I. “…on the basis of sex…”

“Well, I guess I’m not going to become a lawyer then,” my daughter declared after observing a mock trial I participated in. “Why would you say that?” I asked. “Because I’m not white and I’m a girl.”

Not exactly what I was going for when I invited her and my boys, in bring-your-kid-to-work day spirit.

What should trouble us all is the fact that my daughter is quite possibly the last high school student in the world who should think she can’t compete with the boys in any arena. Her academic performance borders on the absurd. And she started for her boys varsity high school basketball team and soccer teams that year,1 serving as team cocaptain for the latter this year.

The sad reality though is she quit basketball. Hung ‘em up, giving up her chance to play for her school during her now senior year. Had nothing to do with any physical disadvantage playing with the boys. And it sure as hell didn’t have anything to do with any concerns about her “physical safety.”2

It had everything to do with the similar sort of gender discrimination that she observed during my mock trial, where a very “old boy” directed an overtly sexist critique at my co-counsel, an experienced and excellent practicing attorney. That act was rooted in a history of a sort of institutional discrimination that the legal world has successfully mitigated-in-part over the past half-century-plus but has not entirely left behind.

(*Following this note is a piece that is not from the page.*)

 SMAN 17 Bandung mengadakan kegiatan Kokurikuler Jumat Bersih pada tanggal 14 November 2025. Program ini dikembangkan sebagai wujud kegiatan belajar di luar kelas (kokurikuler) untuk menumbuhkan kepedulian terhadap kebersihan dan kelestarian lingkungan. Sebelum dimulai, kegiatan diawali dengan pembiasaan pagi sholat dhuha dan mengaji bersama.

In comparison, algorithmic discrimination from the implementation of AI is a next-level threat. It is an institutional X-ism generating agent, if—and from all indications, when—it is or will be left to its own devices.3

II. “R-E-S-P-E-C-T. Find out what it means to me….”

“Basketball respect” from referees is defined as the benefit of the doubt for foul calls.

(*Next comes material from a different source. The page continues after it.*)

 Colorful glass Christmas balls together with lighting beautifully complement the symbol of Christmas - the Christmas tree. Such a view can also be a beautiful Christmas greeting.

My daughter got no respect from the refs. I’m not suggesting this was a conspiracy. I doubt there was any malice or even consciousness on the part of any individual referee.

Basketball is one of the hardest sports to ref. It is a fast-paced, high-contact sport. You could—but of course can’t—call a foul on every single play. A lot of calls aren’t made based on what actually happens, but rather often on what the ref anticipates will happen based on whether a particular play tracks certain patterns associated with a foul call. If you look the part and put yourself in a situation where fouls are often called, you will often get the call before it happens. And if you just don’t look the part, you often won’t get the call even if it happens. A great example of this is the much-maligned bigger, slightly awkward kid who gets fouls called on them all the time just because they are standing in the vicinity of the ball, independent of making any actual contact with the ballhandler.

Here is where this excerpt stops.